Leveraging Logical Rules in Knowledge Editing: A Cherry on the Top
Keyuan Cheng, Muhammad Asif Ali, Shu Yang, Gang Lin, Yuxuan Zhai, Haoyang Fei, Ke Xu, Lu Yu, Lijie Hu, Di Wang
TL;DR
This work introduces Rule-Ke, a rule-based knowledge editing framework that uses discovered logical rules to propagate correlated updates during multi-hop question answering under knowledge edits. By mining rules from a base KB and associating edits with the most relevant rules, Rule-Ke generates augmented knowledge and corresponding edits that ensure consistency across interdependent facts. The authors furthermore propose RKe-eval, a benchmark designed to stress hard-to-decompose questions and correlated knowledge updates. Empirical results show Rule-Ke significantly improves both parameter-based and memory-based KE approaches, with especially large gains on the RKe-eval dataset, validating the utility of incorporating logical rules into KE workflows.
Abstract
Multi-hop Question Answering (MQA) under knowledge editing (KE) is a key challenge in Large Language Models (LLMs). While best-performing solutions in this domain use a plan and solve paradigm to split a question into sub-questions followed by response generation, we claim that this approach is sub-optimal as it fails for hard to decompose questions, and it does not explicitly cater to correlated knowledge updates resulting as a consequence of knowledge edits.
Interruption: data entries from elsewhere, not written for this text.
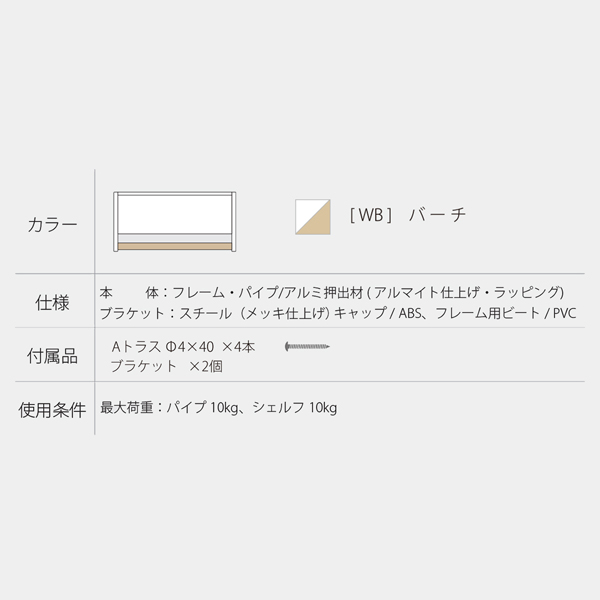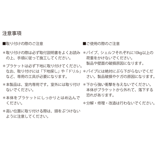 ●パイプ・シェルフそれぞれに10kg以上の荷重はかけないで下さい。
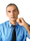 The man in a dark blue shirt and a black necktie
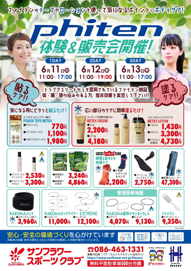 サンフラワースポーツクラブ phiten(ファイテン) 体験&販売会 開催! 6月
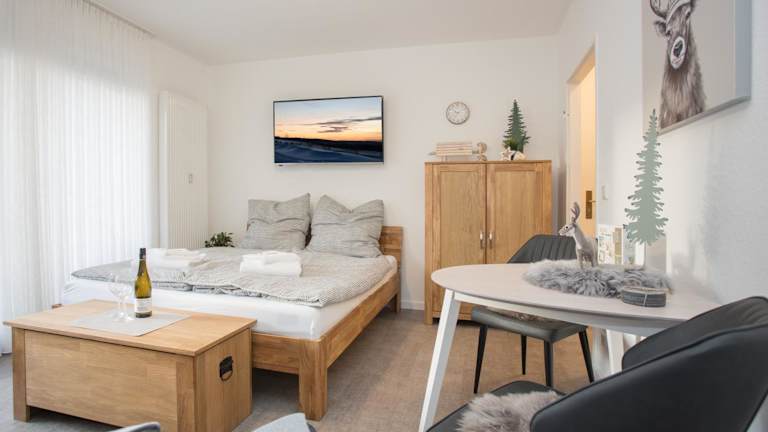 Das Studio umfasst ein Schlafzimmer, ein Badezimmer mit Dusche sowie eine gut ausgestattete Küche, die mit einem Kühlschrank und einem Ofen versehen ist. Zur Ausstattung gehören zudem ein Flachbild-TV mit Kabelkanälen sowie Handtücher und Bettwäsche. Die Unterkunft ist Nichtraucherbereich.
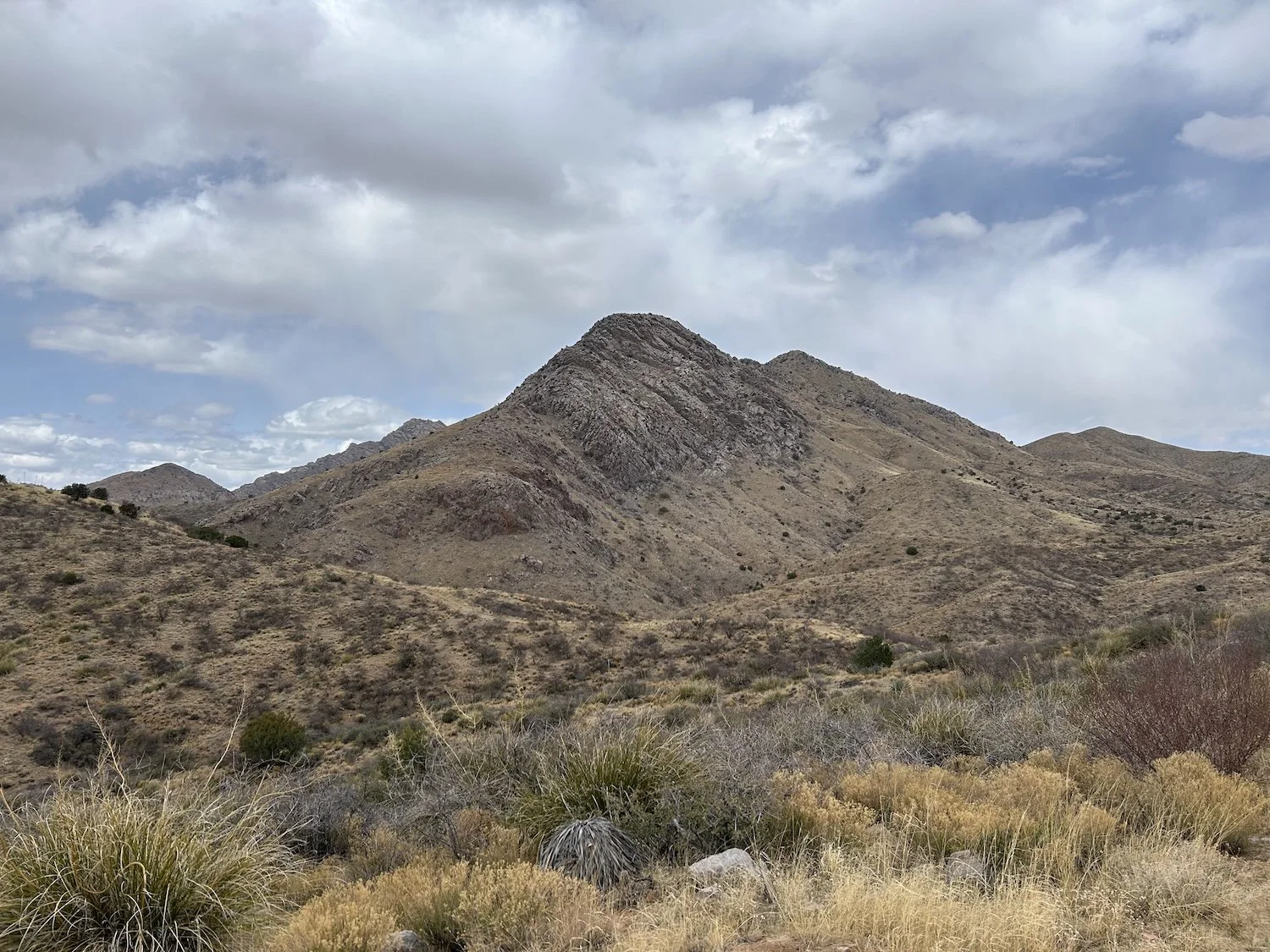 Beyond Turkey Creek, I climbed on 4X4 roads into increasingly dry, desert conditions. When I topped out on a ridge, I saw the Santa Teresas and knew them instantly, as they were the most prominent range in view. I felt suddenly confident; I’d navigated the alternate route which was little traveled and without a trail for much of it. I could handle whatever came next.
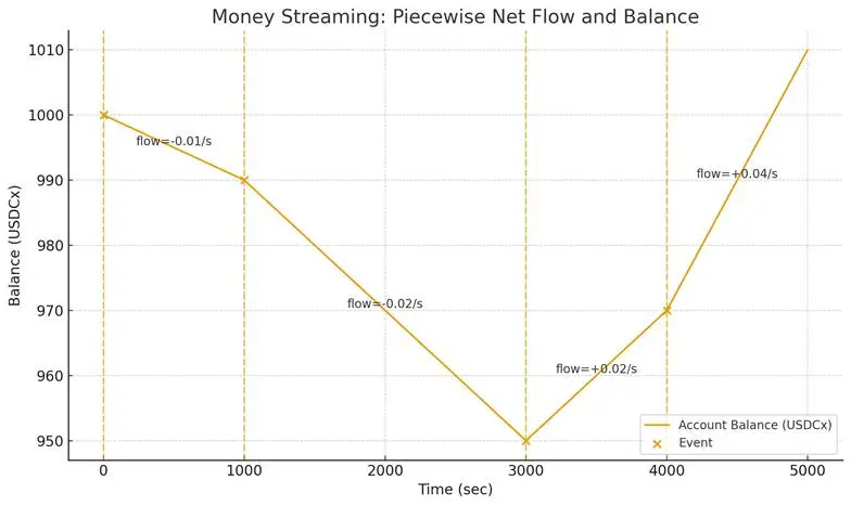 资金流是一种过程:代币以预设的“每秒速率”持续地从发送方转移到接收方,形成一条“流(stream)”。
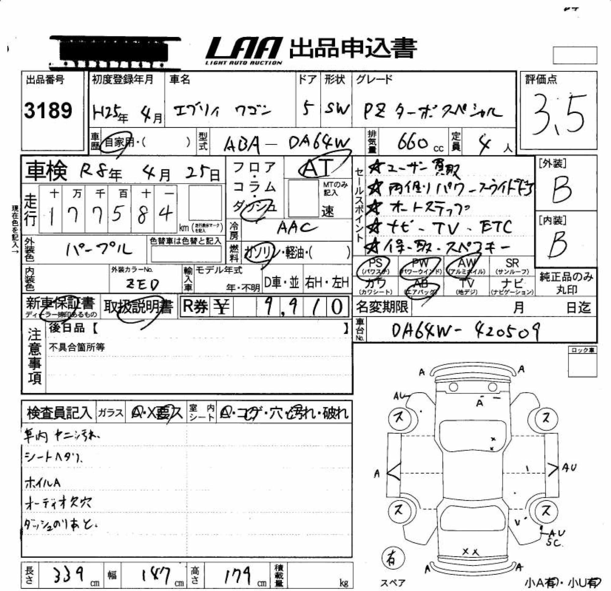 SUZUKI EVERY WAGON - лот 3189
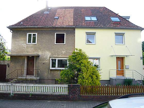 Die energetische Sanierung und der Innenausbau von zwei Doppelhaushälften in Hannover Vahrenwald erfolgte in drei Bauabschnitten. Dies umfasste die Erneuerung der Fassade und die Sanierung des Dachs, die Erneuerung der Fenster, die Neugestaltung der Bäder sowie die Erneuerung der Heizungsanlage einschließlich Solarthermie. Zusätzlich wurde das Dachgeschoss einer der Hälften ausgebaut. Ein Rückblick in die Vergangenheit mit einer Vorher-Nachher-Betrachtung zeigt die beeindruckenden Veränderungen.
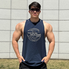 速干透气弹力运动背心男健身衣无袖坎肩圆摆肌理纹肌肉撸铁狗潮牌
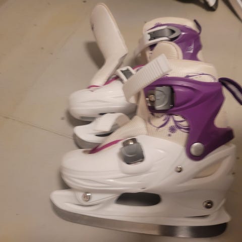 Barneskøyter i størrelse 35, hvit farge. Egnet for ulike skøyteaktiviteter. Kunstløp. Lite brukt.
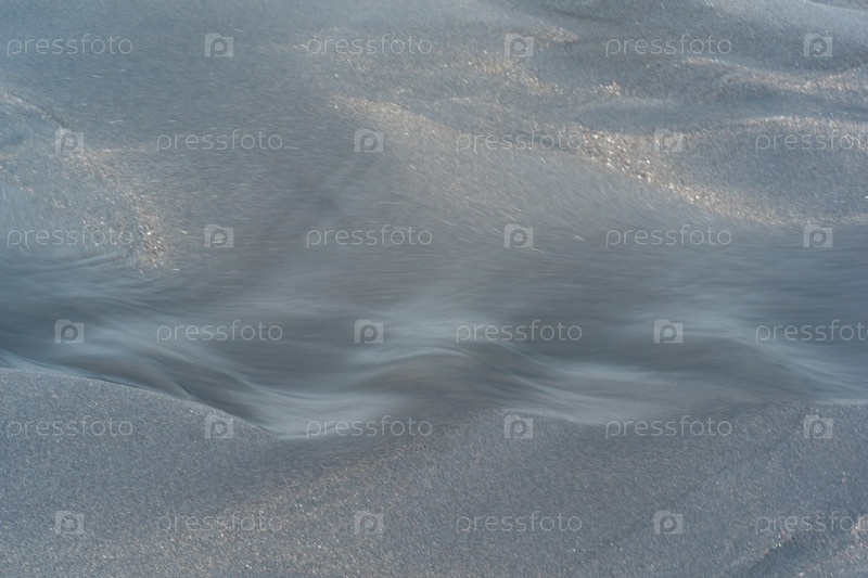Размытый природный фон, вода течет вдоль пляжа из черного вулканического песка
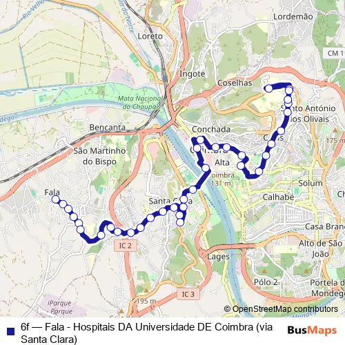 The first stop of the 6f bus route is Fala (X) and the last stop is Hospitais da Universidade (Este). 6f (Fala - Hospitais DA Universidade DE Coimbra (via Santa Clara)) is operational during everyday.
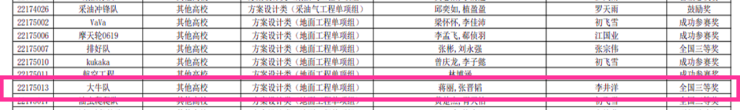 近日,第十二届中国石油工程设计大赛落下帷幕,本届大赛共有国内48所高校及科研院所的2751支队伍报名参加,共提交作品1207份。我院由油气储运教师—李井洋所指导的学生队伍在方案设计类(地面工程单项组)中荣获全国三等奖,充分展示了我院学生勇于探索拼搏、敢于超越自我的品质及优秀的创新实践能力。
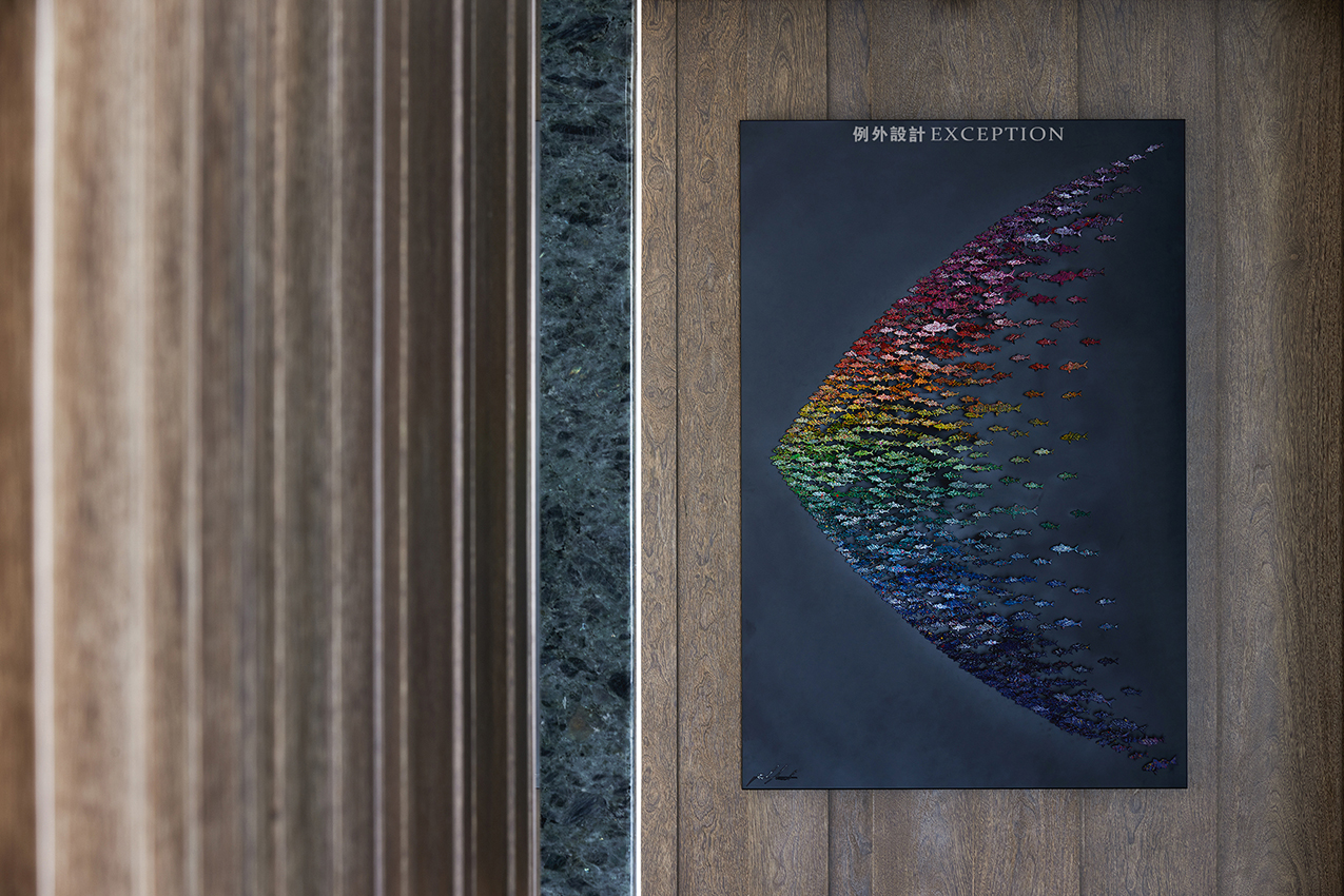 玄關盡頭是藝術家 Joel Amit 的藝術掛畫,由成百只魚的造型游弋成一只全新的七彩魚,高低錯落,頗為生動明艷,作為整個空間的視覺焦點,躍動著如魚得水的美好寓意。
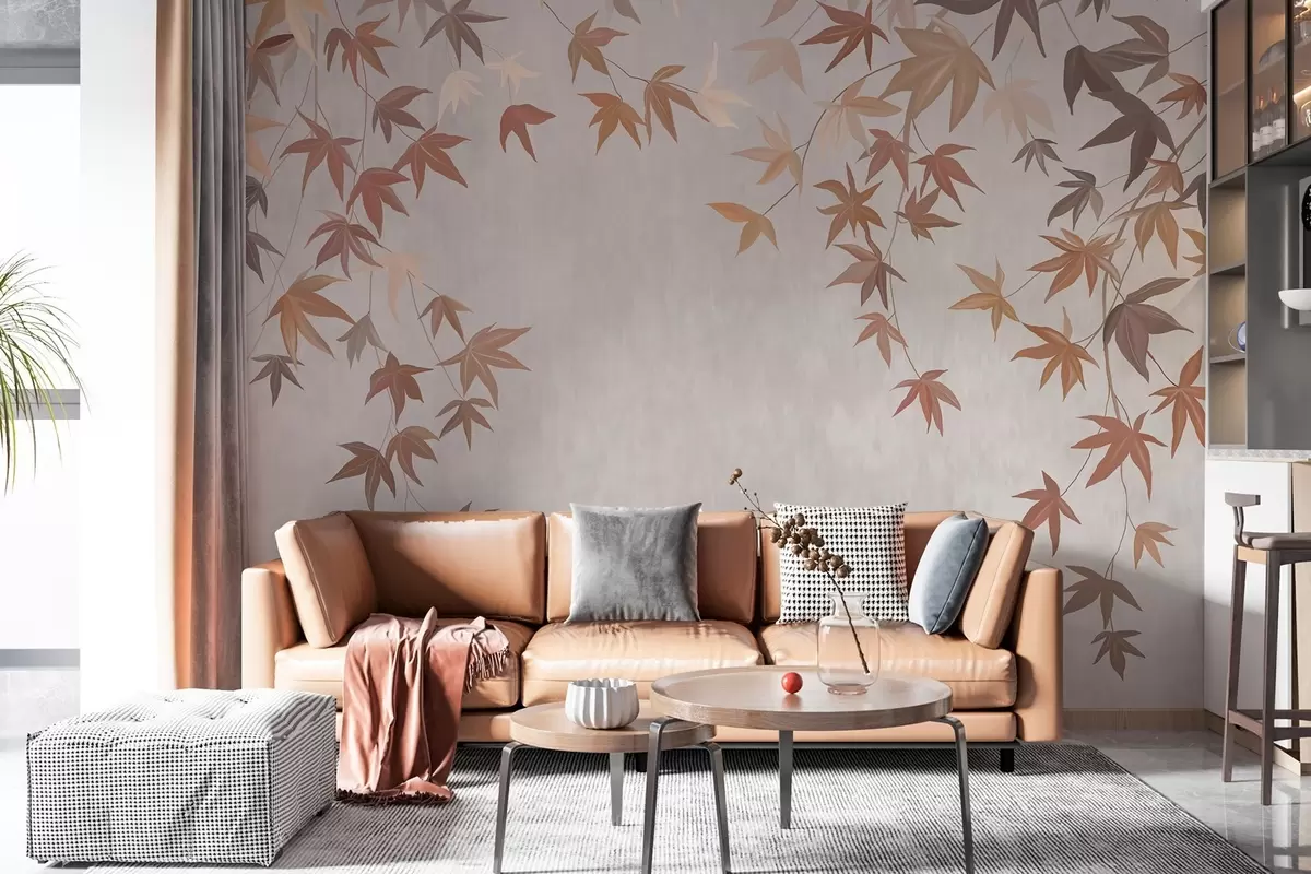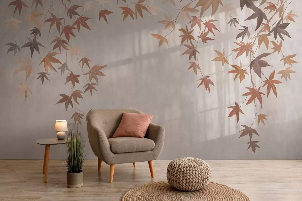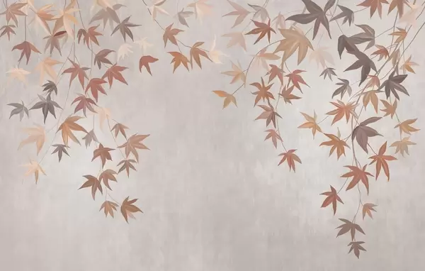 Fotobehang veelkleurige klimopbladeren die van bovenaf vallen in de stijl van een olieverfschilderij N° w04878

This has a detrimental impact on the overall consistency of the updated knowledge. To address these issues, in this paper, we propose a novel framework named RULE-KE, i.e., RULE based Knowledge Editing, which is a cherry on the top for augmenting the performance of all existing MQA methods under KE. Specifically, RULE-KE leverages rule discovery to discover a set of logical rules. Then, it uses these discovered rules to update knowledge about facts highly correlated with the edit. Experimental evaluation using existing and newly curated datasets (i.e., RKE-EVAL) shows that RULE-KE helps augment both performances of parameter-based and memory-based solutions up to 92% and 112.9%, respectively.